O governo federal está avaliando recorrer ao reservatório da Usina Hidrelétrica de Itaipu para garantir o abastecimento de energia elétrica no Brasil diante da possível intensificação do El Niño nos próximos meses. O tema foi debatido na quarta-feira, dia 2 de setembro de 2026, pelo CMSE, o Comitê de Monitoramento do Setor Elétrico, que reúne os principais órgãos públicos do setor para acompanhar a segurança e a continuidade do fornecimento de energia no país.
Segundo o ONS, o Operador Nacional do Sistema Elétrico, o uso de Itaipu faz parte de uma estratégia para manter estável a capacidade de geração conectada à rede nacional. O plano também inclui o acionamento de usinas termelétricas e a operação das hidrelétricas do rio São Francisco em momentos de maior demanda.
O governo pretende usar a chamada Reserva de Potência Operativa em setembro, novembro e dezembro de 2026. Essa reserva funciona como uma energia guardada para garantir que o sistema não falhe em tempo real. No Brasil, ela é fornecida principalmente pelas hidrelétricas. O que acontece a partir de janeiro de 2027 ainda não está definido. O CMSE informou que as previsões para janeiro e fevereiro de 2027 dependem das condições de chuva nas principais bacias do país e do início do período úmido.
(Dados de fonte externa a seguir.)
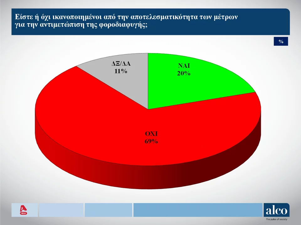Σχετικά με το εάν είναι ικανοποιημένοι από την αποτελεσματικότητα των μέτρων για την αντιμετώπιση της φοροδιαφυγής, η συντριπτική πλειοψηφία των ερωτηθέντων (69%) δήλωσε «όχι», ενώ το 20% «ναι».
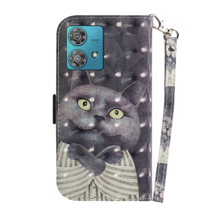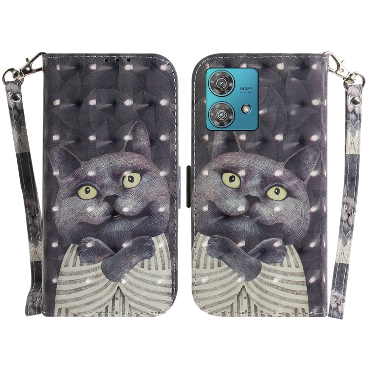 Funda de Cuero para Motorola Edge 40 Neo con Tapa Horizontal y Diseño 3D (Hug Cat)

O El Niño altera o regime de chuvas especialmente no Nordeste, Norte e Centro-Oeste, podendo baixar os níveis dos reservatórios das hidrelétricas. No Sul, onde fica Itaipu, o efeito é o contrário: mais chuva. O comitê também discutiu medidas para os Sistemas Isolados da Região Norte, que abrangem os estados de Rondônia, Acre, Amazonas, Roraima, Amapá e Pará. A Aneel fiscalizou 30 termelétricas na região para checar disponibilidade de usinas e combustíveis. A agência também aprovou antecipação de recursos para pequenas geradoras que podem ter dificuldade para transportar combustível por causa da seca provocada pelo El Niño. No Sul e no Sudeste, onde há previsão de mais chuvas, a Aneel está em contato com distribuidoras para prevenir problemas causados por eventos climáticos extremos.